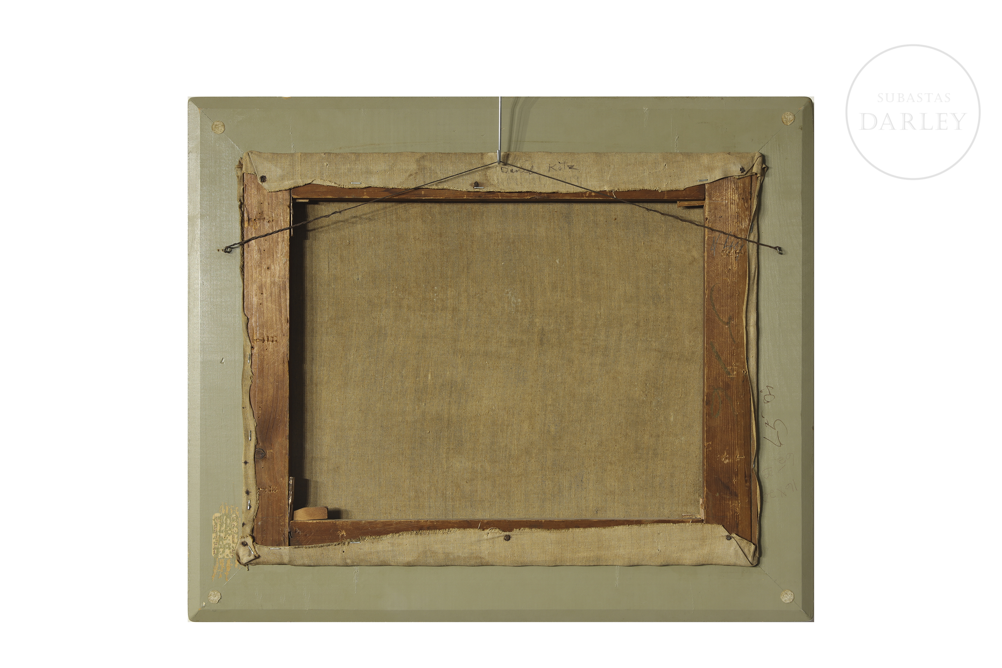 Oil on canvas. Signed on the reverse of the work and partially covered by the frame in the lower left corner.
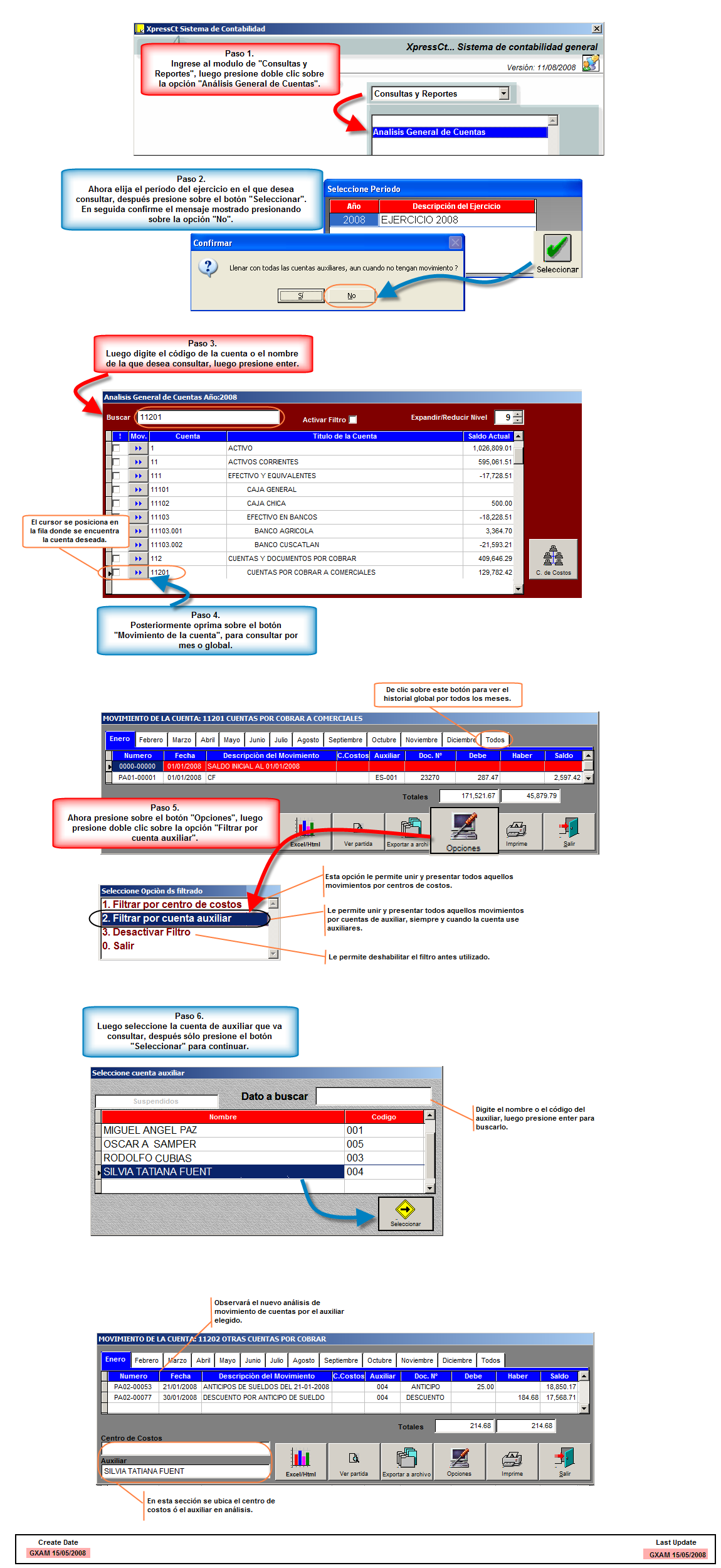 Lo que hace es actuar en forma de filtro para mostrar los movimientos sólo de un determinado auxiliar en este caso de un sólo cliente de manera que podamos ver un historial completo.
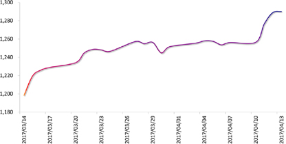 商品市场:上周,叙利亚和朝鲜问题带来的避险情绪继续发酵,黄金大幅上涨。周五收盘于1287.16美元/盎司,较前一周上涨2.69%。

WORK REQUEST ▸
Could you reproduce the listing above word for word while leaving out its pictures?

OUTPUT OF THE EXERCISE ▸
 Oil on canvas. Signed on the reverse of the work and partially covered by the frame in the lower left corner.
 Lo que hace es actuar en forma de filtro para mostrar los movimientos sólo de un determinado auxiliar en este caso de un sólo cliente de manera que podamos ver un historial completo.
 商品市场:上周,叙利亚和朝鲜问题带来的避险情绪继续发酵,黄金大幅上涨。周五收盘于1287.16美元/盎司,较前一周上涨2.69%。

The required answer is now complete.